The candidate transcript responses only seem to return with confidence at the transcript level. This decode function seems to only aggregate scores instead of including word/character level confidence. However, I am having a little trouble understanding the scope of a prefix. Is a prefix meant to be synonymous with a candidate transcript, or is its scope supposed to be just a few words?
Also, the LM’s scorer function scores max_order number words at a time, correct? So in order to get the word-level confidence when using an LM, max_order would have to be set to 1, right?
max_order is a param when training the LMs. For most of the western language, words are separated with white spaces, the max_order is how many words you want to look ahead when calculating the conditional probabilities P(Wk|Wk-1, Wk-2… Wk-max_order-1). e.g. a bi-gram model is a LM with max_order of 2, a tri-gram model is a max_order of 3 and so on.
The prefixes are a collection of all possible outputs at specific time steps, it is ranked by the probability (over all possible combination to identical outputs) and this will get pruned at the end of each round, only the best beam_size paths will be kept.
And a word level confidence is already included in the prefixes scoring you’re using your model with a language model (the scorer), that’s what lm_alpha and lm_beta for
And a word level confidence is already included in the prefixes scoring you’re using your model with a language model (the scorer), that’s what lm_alpha and lm_beta for
It seems that in this function, lm_alpha/beta are used to weight the final prefix-level score, but do not produce word-level scores, correct?
My question, however, is about extracting the word-level score for each word in a candidate transcript. For example:
Transcript1: The quick brown fox jumped over the river.
Word-level confidence: [the, 99%], [quick, 89%], ... [jumped, 84%], ...

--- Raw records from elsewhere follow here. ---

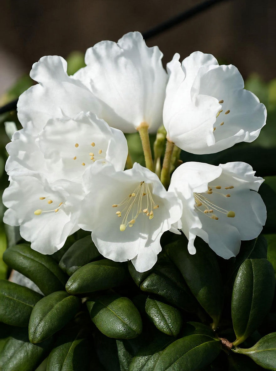 Der Rhododendron yakushimanum 'Schneekissen' auf Stamm trägt von Mai bis Juni zahlreiche, strahlend weiße Blüten mit grüngelber Zeichnung, die in großen Dolden angeordnet sind. Die Blüten sind trichterförmig und haben eine angenehme Duftnote, die den Garten im Frühling mit einem zarten Aroma erfüllt.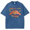 Loose Washed T-shirt Denim Loose Round Neck Colorful Letters Printed Large Size Unisex Short Sleeve Street American Retro
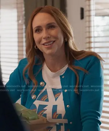 Maddie Kendall (played by Jennifer Love Hewitt) on 9-1-1 on ABC was spotted wearing this white graphic tee and blue cardigan on 9-1-1 on episode 'Día de los Muertos' (9x05) in Nov 2025. Maddie's Top is the The Lil Sinful Graphic Tee in La Vie De La Fete by Mother . Maddie's Sweater is the Toulouse Cropped Cardigan in Dresden Blue by L'Agence.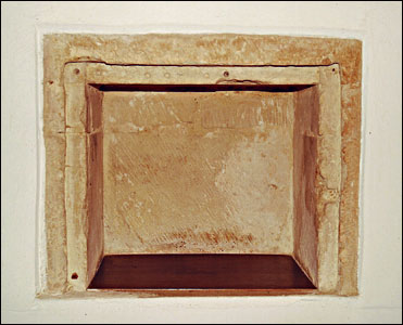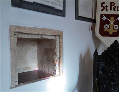 The aumbry (a secure chest or cupboard in which altar plate and other sacred items or relics are stored)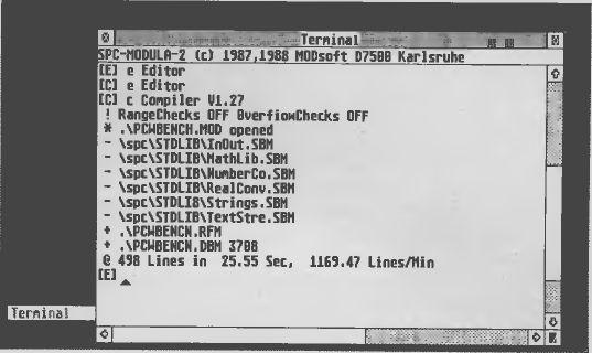 Nach diesem Fensterkonzept arbeiten alle Teile von SPC-Modula. Das von manchen geliebte, von vielen gehaßte Standardmodul InOut, das textorientierte Ein-/Ausgabefunktionen bereitstellt, verwendet ein eigenes, Terminal genanntes, Fenster. Da bis auf den Editor alle Teile des Entwicklungssystems über das InOut-Modul ausgeben, sind neben Texten des Anwenderprogramms auch die von Compiler, Shell und Make-Utility im Terminal-Fenster sichtbar. So läßt sich das Terminal-Fenster von SPC-Modula mit einem normalen textorientierten Terminal vergleichen.

Transcript2: The quick brown fox slumped over the river.
Word-level confidence: [the, 99%], [quick, 89%], ... [slumped, 54%], ...
Yes, the language model is giving score in prefix-level. It is giving scores in the entire decoding process which leads the beam search results more accurate. The word confidence I mentioned above is the uni-gram probabilities, it’s not the same thing you’re asking. It is when no higher gram is found, it uses the probability of the uni-gram. Without the smoothing in language model, you can consider it to be the term frequency of that word for easy understandings.
How about making the decode function to return K best results, and do a post-processing on those candidates to get the probability of each word ?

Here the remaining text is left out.